In his opinion overturning the verdict, the judge wrote the record “lacks substantial evidence to support the jury’s award of damages” liable for patent infringement, taking particular issue with the damages in Bratic’s dubious valuation suggesting Apple should pay whopping royalties.

However, these damages are only considered if it was proven that the infringed patent was so central to the entire product that it can be considered key driver of customer demand. On whether or not that standard was met, the appellate judge  stated, “The record lacks substantial evidence to support the jury’s award of damages. The Court grants Apple’s request for Judgment as a Matter of Law to vacate the jury’s damages award.” 

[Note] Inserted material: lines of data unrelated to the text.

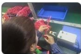
4 Welding checking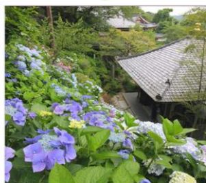
วัดฮาเซเดระ(เดรนเยีย)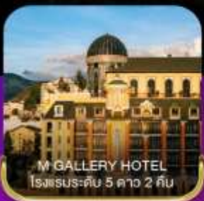
M GALLERY HOTEL โรงแรมระดับ 5 ดาว 2 คืน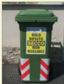
Contenitore verde per il secco non riciclabile

Bratic’s handiwork doesn’t end there. In 2013, his testimony in Xpertuniverse v. Cisco was deemed baseless and thrown out after he employed a bizarre “hypothetical negotiation” in which he contended both parties would have agreed to a $32.5 million lump sum royalty.

In the 2015 case IVS v. Microsoft, in which IVS accused Microsoft’s Xbox and Kinect of infringing on a facial recognition patent, the court ruled that Bratic erred in opining that royalty damages should be a running royalty of 3x the court-ordered royalty rate based on a prior case involving handheld controllers.

Likewise in his damages valuation testimony for HouseCanary, Bratic used an outrageous price of $11 per use for the AVM, which emails between Amrock employees from February 2015 make clear would never have been the agreed upon rate.

This case is the epitome of trade secrets litigation abuse – potentially an ominous high-dollar indication of an even costlier problem with broader impact on American innovation and competitiveness in a global technology sector. If the decision stands, the established precedent will further open the floodgates for abuse of IP protections – offering an attractive option for companies looking for a way around fair market competition and innovation.

What began as a $5 million contract has morphed into three-quarters of a billion dollars and a legal spectacle – in large part due to faulty reasoning and voodoo math of an expert witness with a history of over valuating for his clients and being overturned by the courts. Legal scholars and the entire tech sector are closely watching to see how this case plays out for the future of American innovation.